In the code below, (2) is OK, and (3) is a runtime error for what reason? The Go version is "go1.11 darwin/amd64".
package main
import "fmt"
funcmain(){
a: = "a"
fmt.Println(a[:len(a)])//(1) "a"
fmt.Println(a[len(a):])//(2)"
// fmt.Println(a[len(a)])//(3)panic-index out of range
// fmt.Println(a[len(a)+1:])//(4)panic-slice bound out of range
}
I have rarely used Go language, but
0 to len(a)-1It's the same when you say .

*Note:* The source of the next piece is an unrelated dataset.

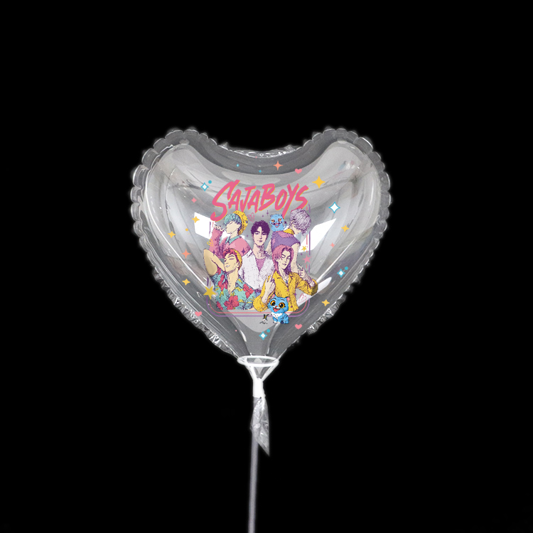 ลูกโป่ง Bobo พิมพ์ลายของ Kpop (ส่วนใหญ่เป็นทรงกลมโปร่งใส แต่บางอันมีรูปร่างผิดปกติเหมือนหัวใจและดวงดาว) โดยทั่วไปจะมีเส้นผ่านศูนย์กลางตั้งแต่ 18 ถึง 36 นิ้ว เหมาะสำหรับสิ่งของพกพาประเภทต่างๆ และการตกแต่งฉาก พื้นที่การพิมพ์ได้รับการควบคุมอย่างแม่นยำตรงกลางบอลลูน (เพื่อป้องกันการยืดและการเสียรูประหว่างการพองตัว) โดยมีค่าเผื่อการยืด 30%-50% เพื่อให้แน่ใจว่ารูปแบบจะสมบูรณ์และชัดเจนหลังการพองตัว

I think it would be easier to understand if there were more than one element.
package main
import(
"fmt"
)
funcmain(){
a: = "abc"
fmt.Println(len(a))//->3
fmt.Println(a[0])//->97('a')
fmt.Println(a[1])//->98('b')
fmt.Println(a[2])//->99('c')
// fmt.Println(a[3]) // panic:runtime error:index out of range
fmt.Println(a[0:])//->abc
fmt.Println(a[:3])//->abc
fmt.Println(a[0:3])//->abc
fmt.Println(a[1:])//->bc
fmt.Println(a[1:3])//->bc
fmt.Println(a[2:])//->c
fmt.Println(a[2:3])//->c
fmt.Println(a[3:])//->
fmt.Println(a[3:3])//->
// fmt.Println(a[4:]) // panic:runtime error:slice bound out of range
}
This is how a (len(a)==3) indexes are assigned.
| 'a' | 'b' | 'c' | Nothing
[0] [1] [2] [3]
a[len(a)] (==a[3]) is an error, of course.
Then, on the contrary, a[:len(a)] and a[len(a):] do not fail because there is a second rule above.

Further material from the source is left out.